I like trivia and stuff. So, I went looking for the shortest unnamed opening sequence. I found 1 e4 b5. And rightly so, you would say. So I looked through my two and a half million game database, and found 4 games, White scoring three and a half. Not to be deterred by mere statistics, I set up the position, and let Rybka blitz it out agains itself. To my surprise, Black scored 6 out of ten. Maybe there's a little something there? The theme seems to be to allow White a dangerous looking Kingside attack, at the cost of the exchange. I think it needs a name, any suggestions? A typical game starts like this, followed by finding exactly the right way to cover the checks.

mueller

http://www.chess.com/games/results.html?f=26682177&t=1

rooperi

Wow, thanks

PeterArt

hmm let my computer play the next moves, with 3 chess engines.
I used Arene 2.0.1, with engines : [spike] + [Sos Arena] + [Herman 32 bit]
Plus human intervention, to settle movement disagreements between engines.

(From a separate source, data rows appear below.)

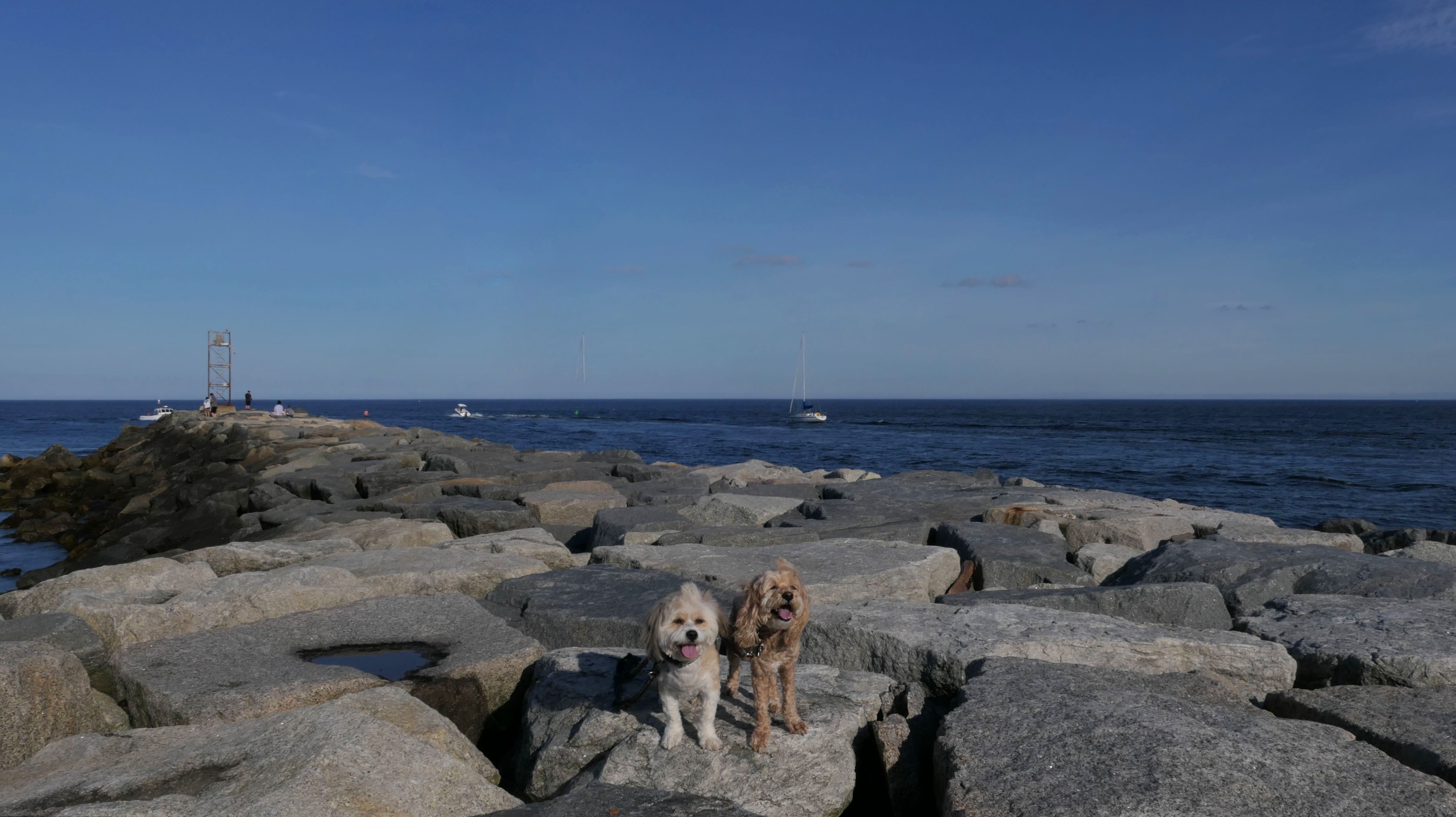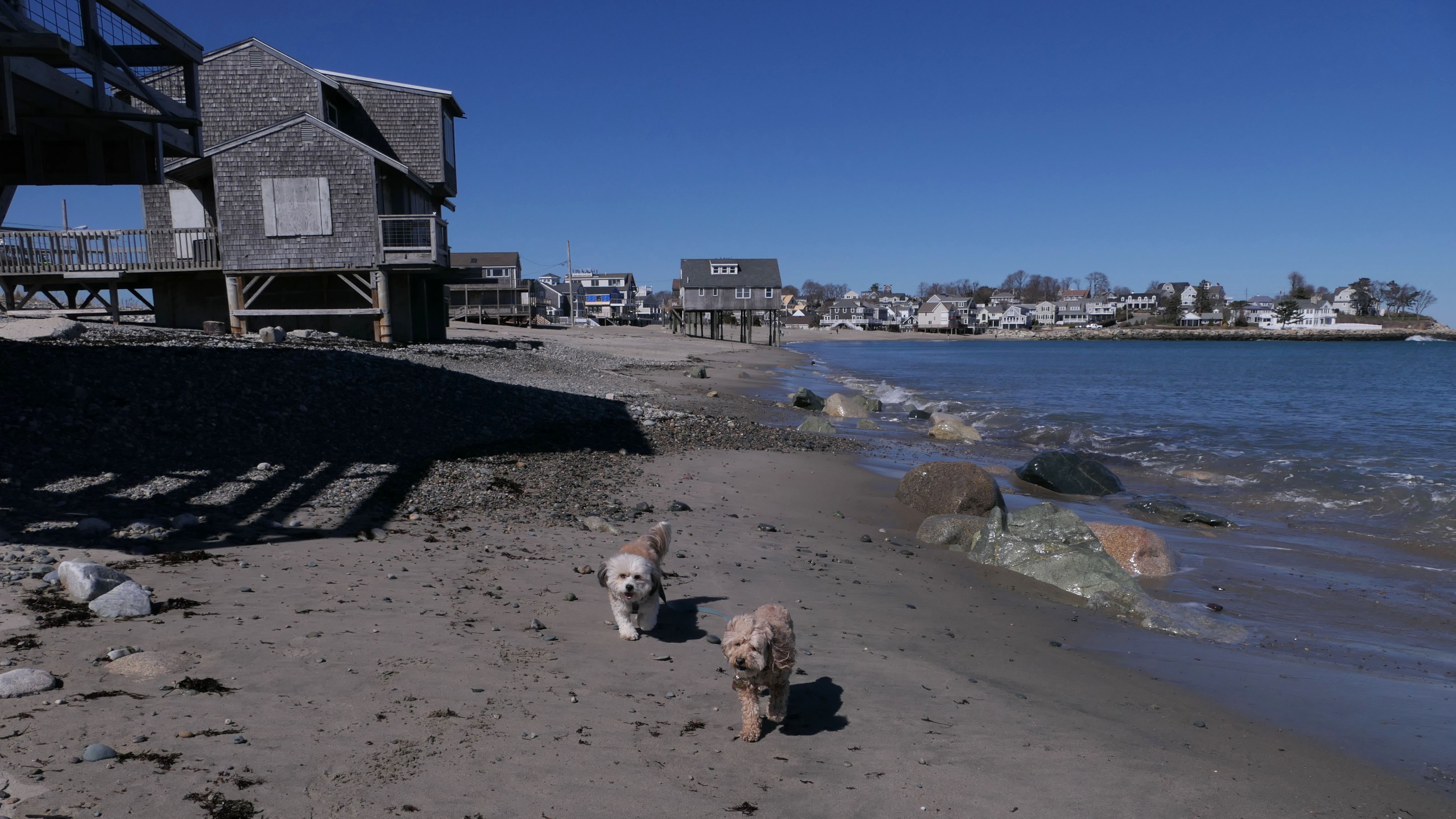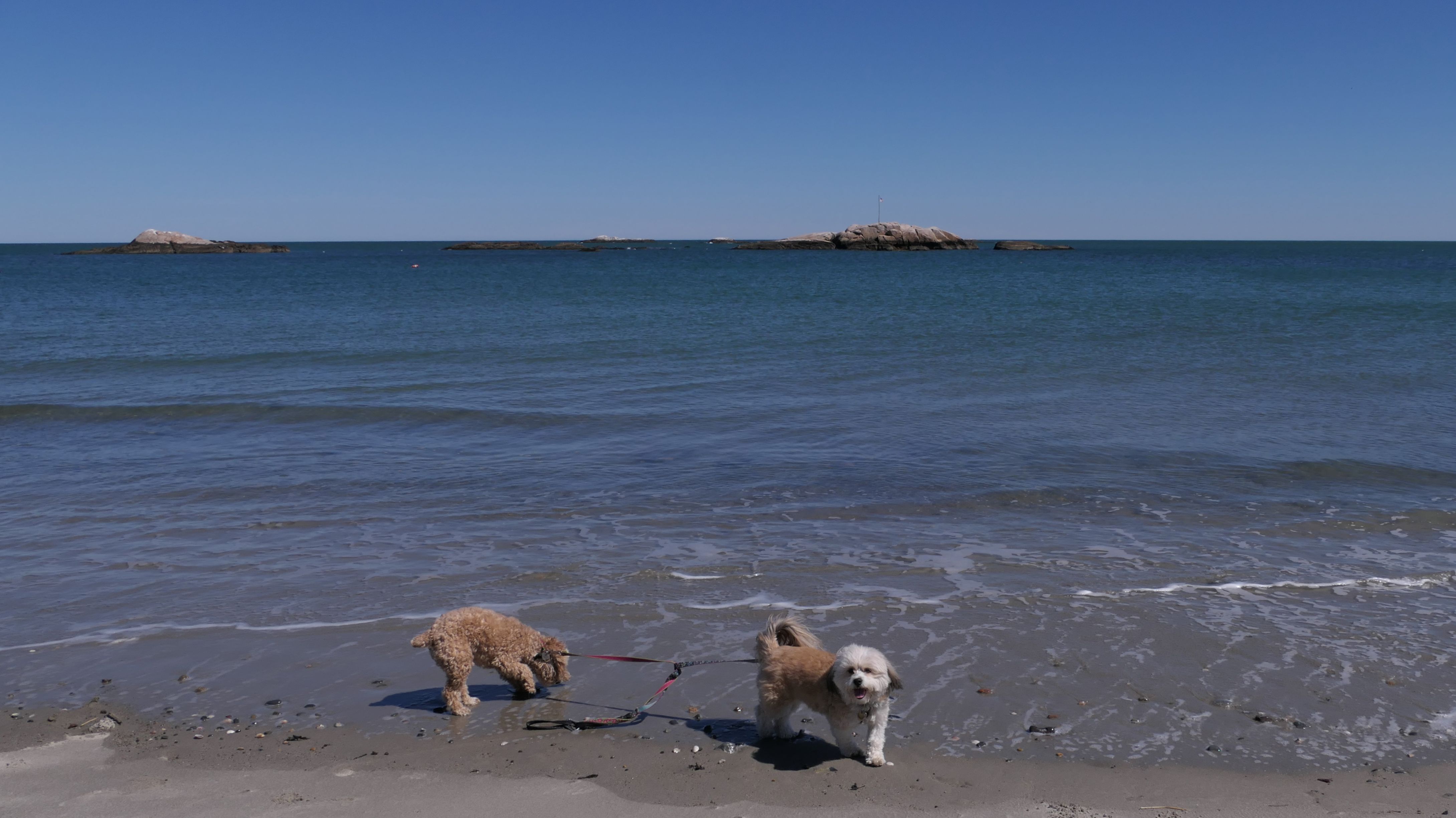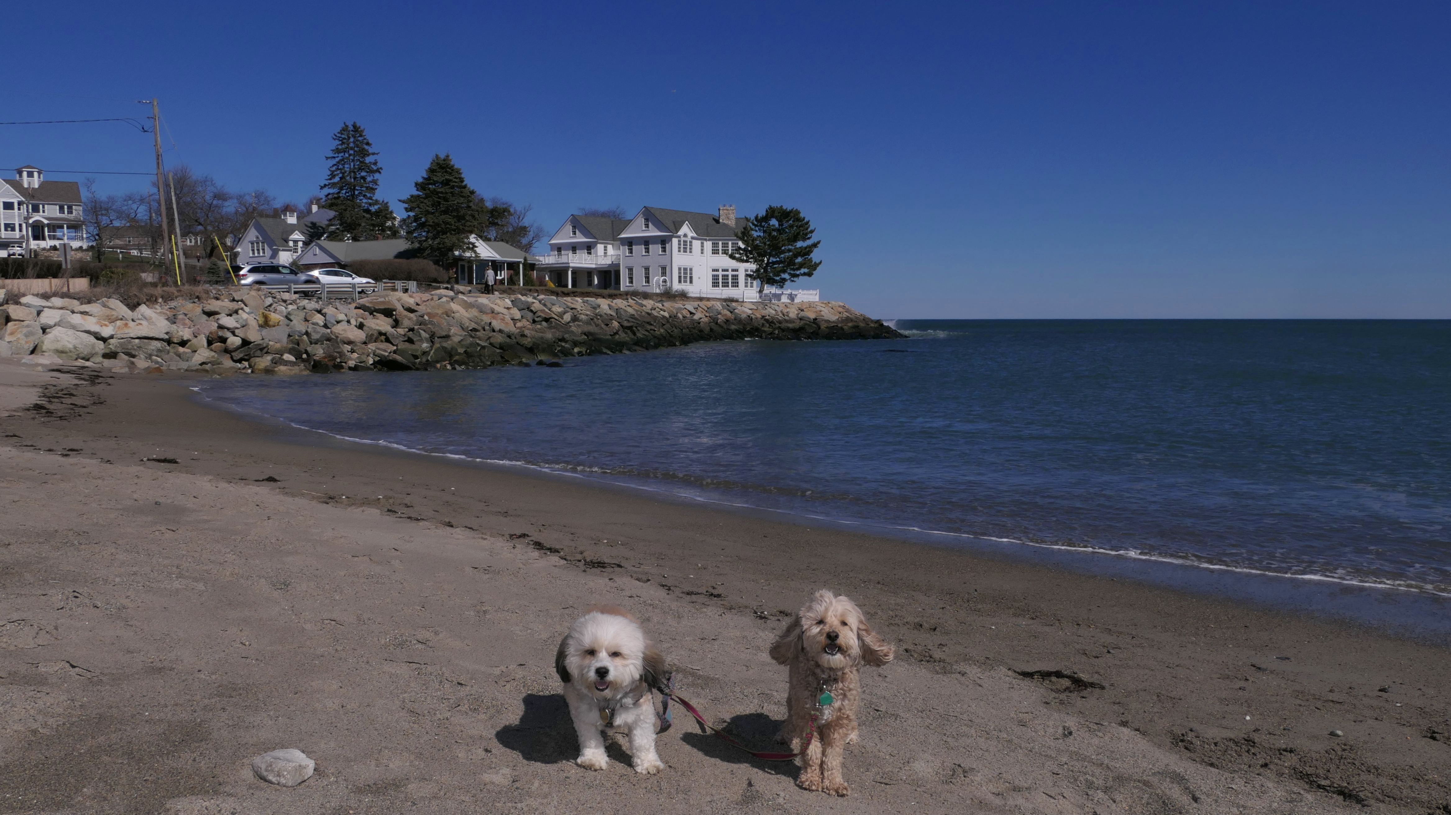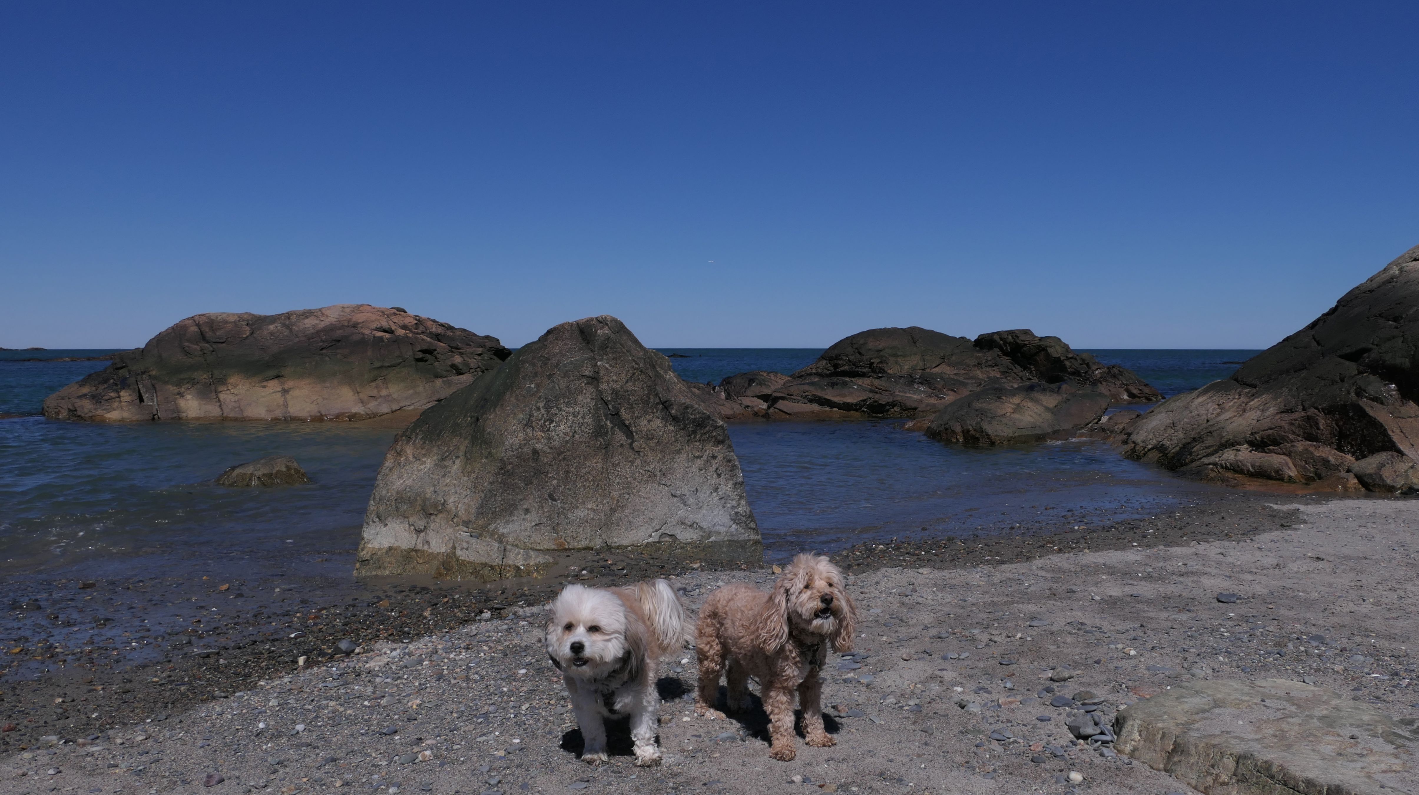 It was difficult to find a parking spot here. The small lots for this beach were all permit parking only. We eventually did find some parking on the road, but like Cohasset, I get the distinct impression the locals don't want us outsiders here. This is a small beach, and dogs are allowed from Sept 16 to June 14th. The beach is in two sections separated by a seawall. The seawall has a walking trail that runs along the top of the wall. There are poop bag dispensers, but no garbage cans. People left their filled poop bags all along the seawall. The bags were likely left by the people who live in the town and have a permit to park, but as an unwanted outsider, I took Mandy and Lexi's poop bags with me when I left.
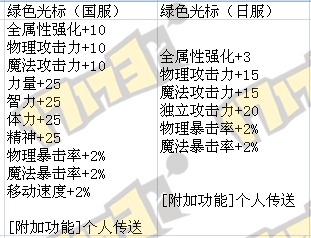 日服这个光环属性怎么说呢……要么属强和独立,要么三攻和暴击,不可兼得,国服削弱了三攻,但绿色光标属强比日服更多些。
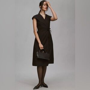 Anthropologie Maeve Hooded Poplin Tie Styling Cotton Midi Shirt Dress Size XL
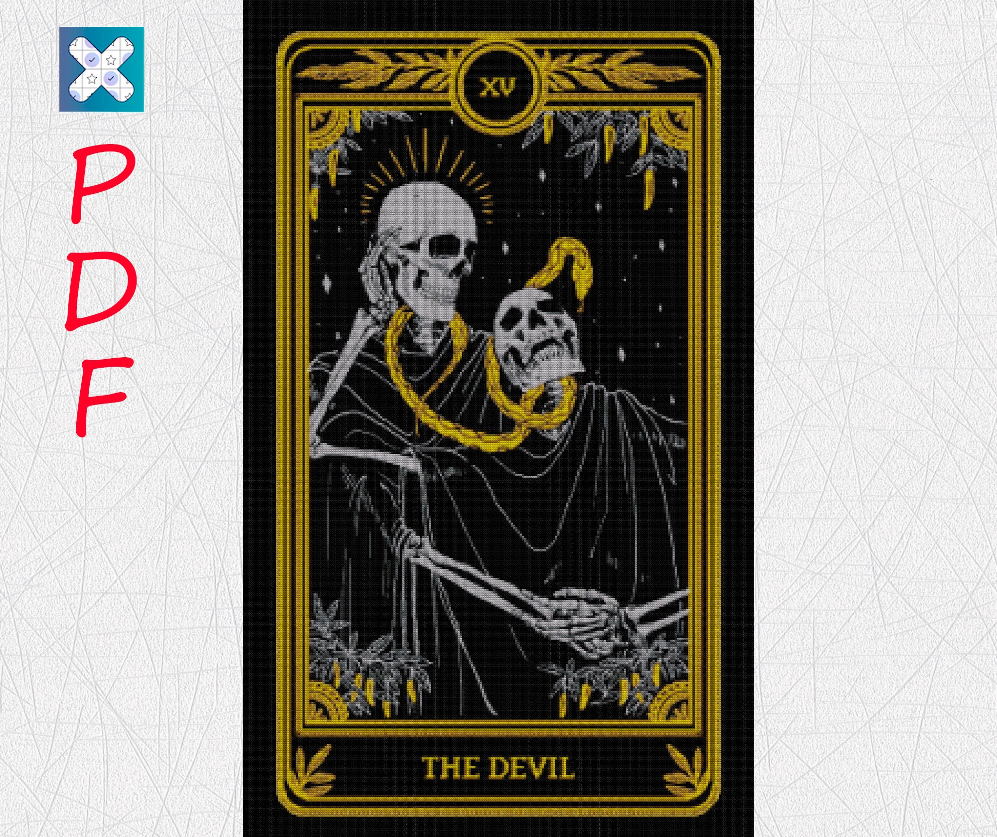 Tarot cards cross stitch pattern Gothic Skeleton cross stitch Etsy

Looked at the game and it isnt realy party time for black this opening, the weak point is the black bishop is pinned for a long while and when you can free your bishop, your king has no pawn defence left its out in the open. Overall white was tacticaly rated positive the whole game. Well here is a posible game played by a computer with little help of a human :

rooperi

Thanks, it's fun, isn't it?

PeterArt

well its strange,.. and  i do prefer non usual games..
But i doubt if i would play this game :)

OMGdidIrealyjustsact

I'm surprised it is unnamed. I suppose you could call it the Polish Gambit: 1.d4 b5 is the Polish defence but this sacs a pawn.

jbent02

i saw somthing like it on youtube can't remember the name though probably polish defence

Prologue1
I have not checked anything with computer, but I'm interested in playing this for black, so I want to find out what to do when white plays that line. The analysis is prob wrong, I just want to find out.